We'll use Sklearn's DummyClassifier as our first attempt at a baseline model. As the documentation states, "DummyClassifier is a classifier that makes predictions using simple rules" and you can configure the rules so that the classifier will behave certain ways. For the purposes of this section, we're going to use the setting most_frequent as this always predicts the most frequent label in the training set.

Converting Dataframes into Vectors

We don't spend a lot of time explaining it here, but in the notebook we use sklearn_pandas's DataFrameMapper to do per column feature processing. Check out the notebook to see the details.

Beyond that, our performance metric is top18 accuracy; to get that we dont use a standard confusion matrix because we dont care about using the default model threshold

from sklearn.dummy import DummyClassifier

dummy_model = DummyClassifier(strategy='most_frequent',random_state=0)

k = 10
cv = StratifiedKFold( n_splits=k )

for i, (train_index, test_index) in enumerate(cv.split(X, y)):

  # convert the data indexes into references
  Xtrain, Xtest = X.iloc[train_index], X.iloc[test_index]
  ytrain, ytest = y.iloc[train_index], y.iloc[test_index]

  # fit the model on the training data (Xtrain) and labels (ytrain) Xtrain, ytrain.values.ravel() )

  # now get the probabilites of the predictions for the text input (data: Xtest, labels: ytest)
  probas_ = dummy_model.predict_proba( Xtest )

  prediction_est_prob = probas_[:, 1]

  scmtrx_lr_full_testset = model_valuation.standard_confusion_matrix_for_n_ranked_instances(ytest, prediction_est_prob, 0.1, 18)

  [[tp, fp], [fn, tn]] = scmtrx_lr_full_testset

  total_predictions = (tp + tn + fp + fn)

  acc_top_N_predictions = (tp + tn) / (tp + tn + fp + fn)

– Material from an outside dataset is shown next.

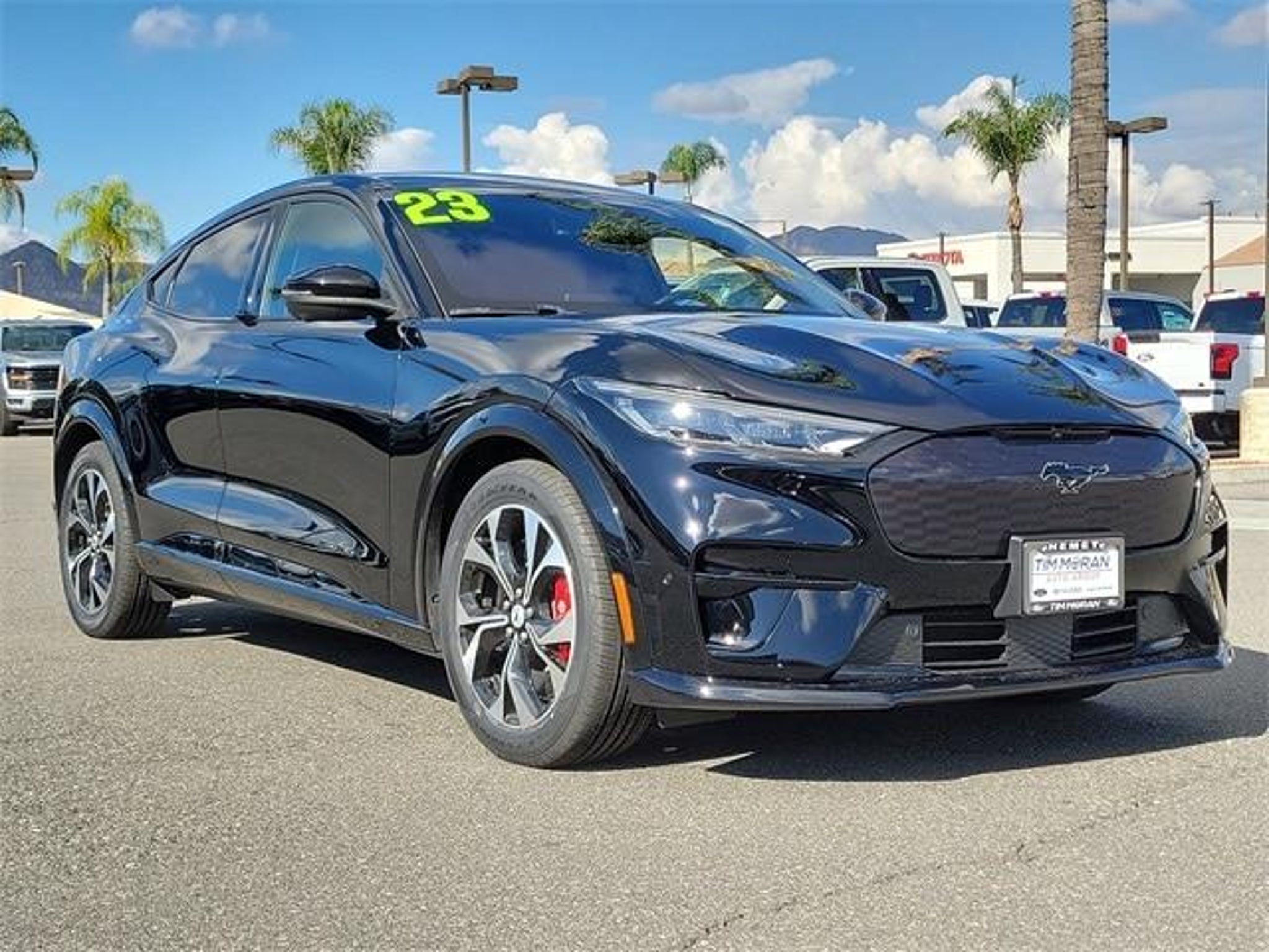 CARFAX One-Owner. Equipment Group 400A GT Performance Edition (Aluminum Applique Instrument Panel w/Unique Design Heated Perforated ActiveX Performance Seats MagneRide Dampening System and Wheels: 20 x 8 Machined-Face Aluminum) Interior Protection Package (Pre-Installed) (1st & 2nd Row Floor Liners w/o Carpet Mats and Cargo Floor Liner) Mustang Nite Pony Package (Black Painted Center Wheel Cap Grille Pony w/Painted Black Outline Mach-E 4X Badge w/ Painted Black Outline and Wheels: 20 Hi-Gloss Painted Black) 10 Speakers 4-Wheel Disc Brakes ABS brakes Air Conditioning Alloy wheels AM/FM radio: SiriusXM with 360L AM/FM Stereo Apple CarPlay/Android Auto Auto High-beam Headlights Auto-dimming Rear-View mirror Automatic temperature control Axle Ratio: 9.05 Brake assist Bumpers: body-color Compass Delay-off headlights Driver door bin Driver vanity mirror Dual front impact airbags Dual front side impact airbags Electronic Stability Control Emergency communication system: 911 Assist Exterior Parking Camera Rear Four wheel independent suspension Front anti-roll bar Front Bucket Seats Front Center Armrest Front dual zone A/C Front reading lights Fully automatic headlights Garage door transmitter Heated ActiveX Sport Seats Heated door mirrors Heated front seats Heated steering wheel Illuminated entry Knee airbag Low tire pressure warning Memory seat Navigation system: Connected Navigation Occupant sensing airbag Outside temperature display Overhead airbag Overhead console Panic alarm Passenger door bin Passenger vanity mirror Power door mirrors Power driver seat Power Liftgate Power passenger seat Power steering Power windows Radio data system Rain sensing wipers Rear anti-roll bar Rear seat center armrest Rear side impact airbag Rear window defroster Rear window wiper Remote keyless entry Security system SiriusXM Radio w/360L Speed control Speed-sensing steering Speed-Sensitive Wipers Split folding rear seat Spoiler Steering wheel mounted audio controls SYNC 4A w/Enhanced Voice Recognition Telescoping steering wheel Tilt steering wheel Traction control Trip computer Turn signal indicator mirrors Variably intermittent wipers and Wheels: 20 Machined-Face Aluminum. Shadow Black 2023 Ford Mustang Mach-E GT AWD Single-Speed Automatic Dual Electric Motor 90/77 City/Highway MPG Welcome to Tim Moran Ford! Located in Hemet CA Tim Moran Ford is proud to be one of the premier dealerships in the area. From the moment you walk into our showroom youll know our commitment to Customer Service is second to none. We strive to make your experience with Tim Moran Ford a good one for the life of your vehicle. Whether you need to Purchase Finance or Service a New or Pre-Owned Ford you ve come to the right place. Dont settle for less...When others cant Tim Moran Can!

So this dummy model happens to get a really great accuracy score on the full dataset. However, if we look at the confusion matrix breakdown of a cross validation fold, we see:

total_predictions: 18 TP: 0 TN: 18 FP: 0 FN: 0

The problem with the code above is that the dummy model reports a high full dataset accuracy, but a poor top18 accuracy --- it never predicts a positive (e.g., "failure") case. This a great example of how accuracy can trick us if we are not paying attention. Most of the time, functionally we use a dummy model as a "placeholder" for our baseline -- can we do better than predict the majority class?

Using Cross Validation to Evaluate Classifiers

Cross validation is a key standard for estimating the test error of a machine learning model. It works by partitioning a dataset into k equal-sized subsets ("folds"). We then train our model on the subsets k times, leaving 1 subset out each time to use as the test set. At the end we average the k error scores to get an estimated error score for the model on the entire dataset. This estimated error score gives an unbiased estimate of the test error with lower variance than a single train/test split could give us.

Another interesting note about cross validation is that once we have scored multiple models and we've chosen the model (with hyperparameters) that we want to use, we don't use an individual fold as the final model. We disgard the previous models and re-train the selected model architecture using the whole dataset.

Stone, M. (1974). Cross-validatory choice and assessment of statistical predictions. Journal of the Royal Statistical Society. Series B (Methodological), 36(2):111–147.

Let’s now move to a more realistic baseline model by using a Logistic Regression model.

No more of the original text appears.